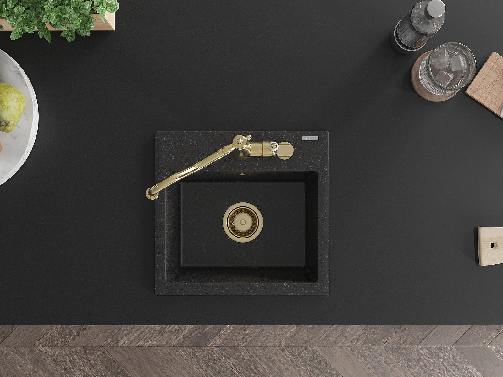Mexen Milo 1 rekeszes gránit mosogató Carla konyhai csapteleppel, fekete/ezüst metál - 6505-73-670700-50
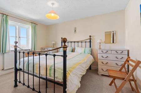 Built-in double wardrobe, radiator, window with pleasant views of Roughtor and Brown Willy in the distance, with glimpses towards the town over the rooftops. Arch to
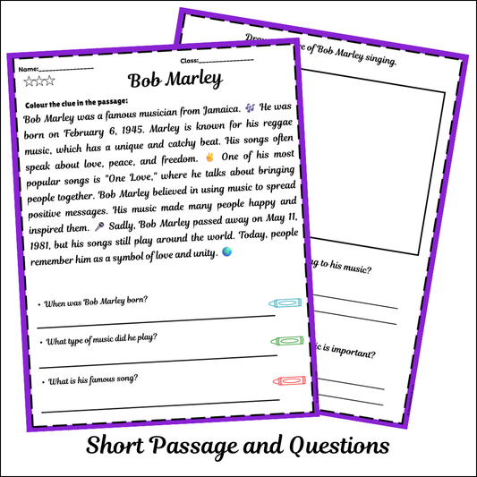 Bob Marley | Short Reading Comprehension Creative Worksheet
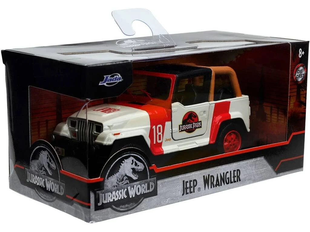 Incluye: 1 vehículo Die-Cast Jeep Wrangler de color blanco y rojo con numeración 18 de Jurassic Pack.
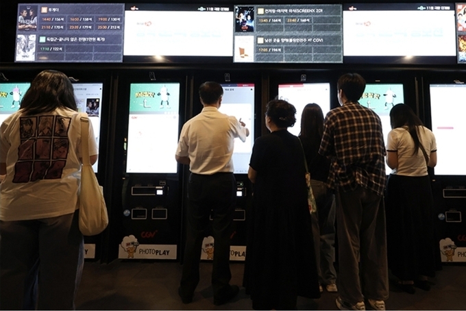 서울의 한 영화관을 찾은 관람객들이 키오스크를 통해 티켓을 출력하고 있다.2025.9.8.(ⓒ뉴스1)
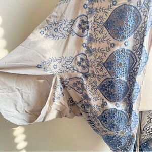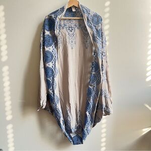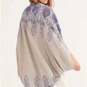 Free People Catania Embroidered Eyelet Kimono Lace Cover Up Grey Blue Floral OS
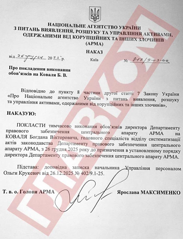 Наказ від 26 грудня про покладення на Богдана Коваля обов’язків керівника юридичного департаменту підписала т.в.о. голови АРМА Ярослава Максименко.
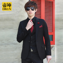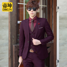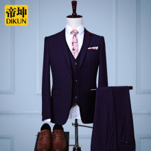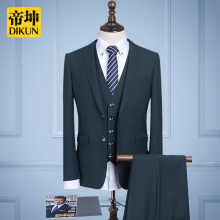 帝坤西服套装三件套男士修身韩版职业商务西装男新郎伴郎结婚礼服
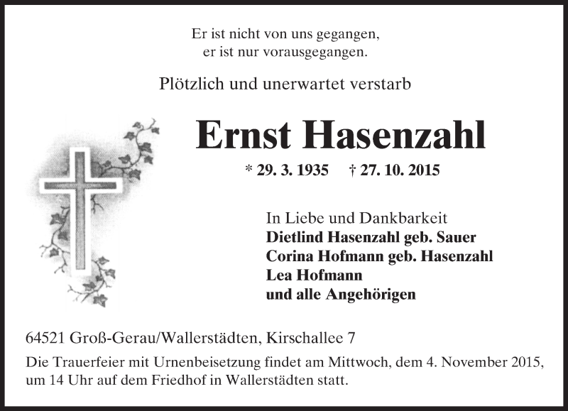 Hier finden Sie alle Traueranzeigen aus der Zeitung, die bisher für Ernst Hasenzahl erschienen sind. Weitere Traueranzeigen, die in der Zeitung erscheinen, werden hier ebenfalls aufgelistet
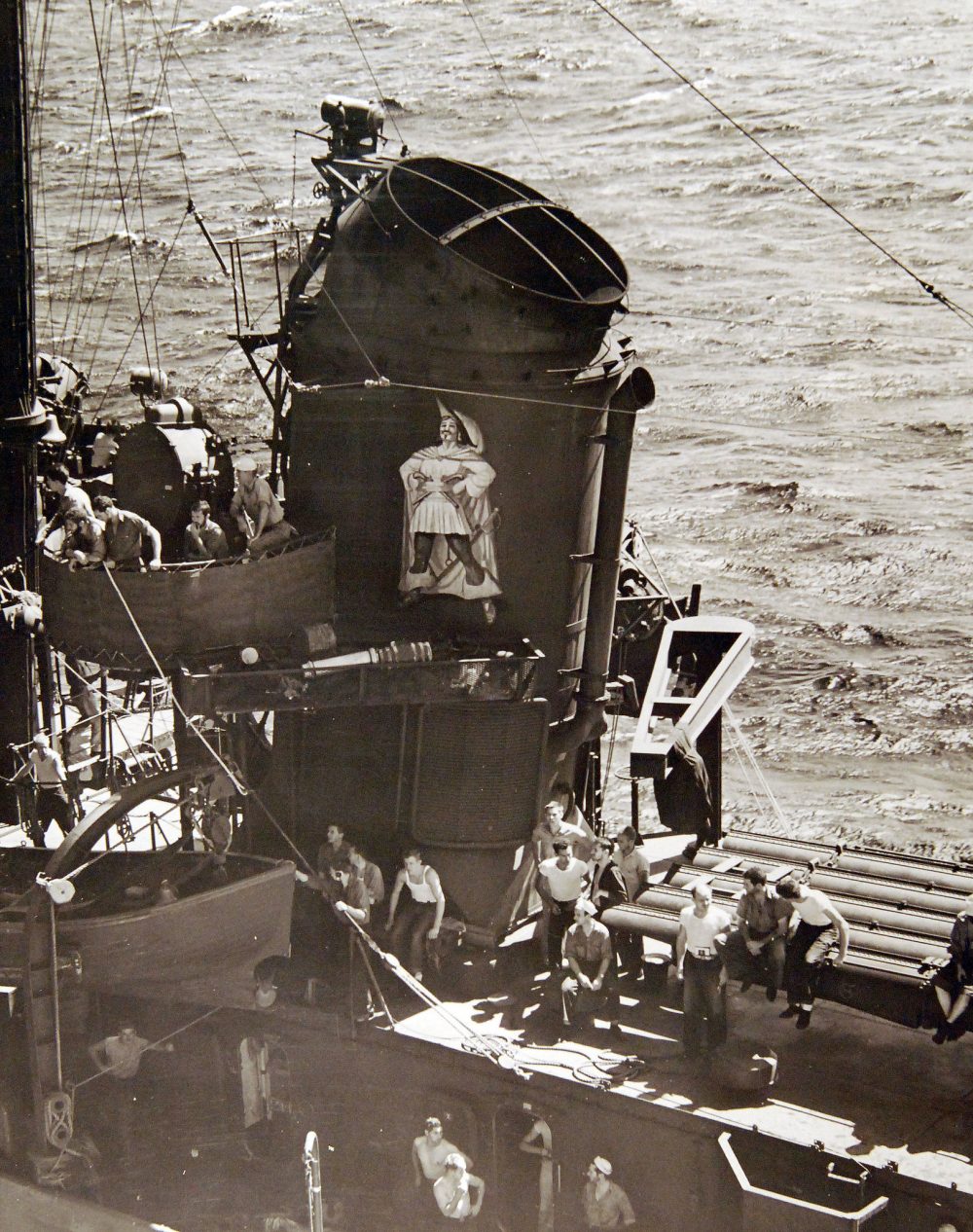 80-G-202517 USS Kidd (DD-661), with an elaborate figure of the famous pirate captain
..........
Would you return the entries verbatim, minus any images?

Mexen Milo 1 rekeszes gránit mosogató Carla konyhai csapteleppel, fekete/ezüst metál - 6505-73-670700-50
 Built-in double wardrobe, radiator, window with pleasant views of Roughtor and Brown Willy in the distance, with glimpses towards the town over the rooftops. Arch to
 Bob Marley | Short Reading Comprehension Creative Worksheet
 Incluye: 1 vehículo Die-Cast Jeep Wrangler de color blanco y rojo con numeración 18 de Jurassic Pack.
 서울의 한 영화관을 찾은 관람객들이 키오스크를 통해 티켓을 출력하고 있다.2025.9.8.(ⓒ뉴스1)
 Free People Catania Embroidered Eyelet Kimono Lace Cover Up Grey Blue Floral OS
 Наказ від 26 грудня про покладення на Богдана Коваля обов’язків керівника юридичного департаменту підписала т.в.о. голови АРМА Ярослава Максименко.
 帝坤西服套装三件套男士修身韩版职业商务西装男新郎伴郎结婚礼服
 Hier finden Sie alle Traueranzeigen aus der Zeitung, die bisher für Ernst Hasenzahl erschienen sind. Weitere Traueranzeigen, die in der Zeitung erscheinen, werden hier ebenfalls aufgelistet
 80-G-202517 USS Kidd (DD-661), with an elaborate figure of the famous pirate captain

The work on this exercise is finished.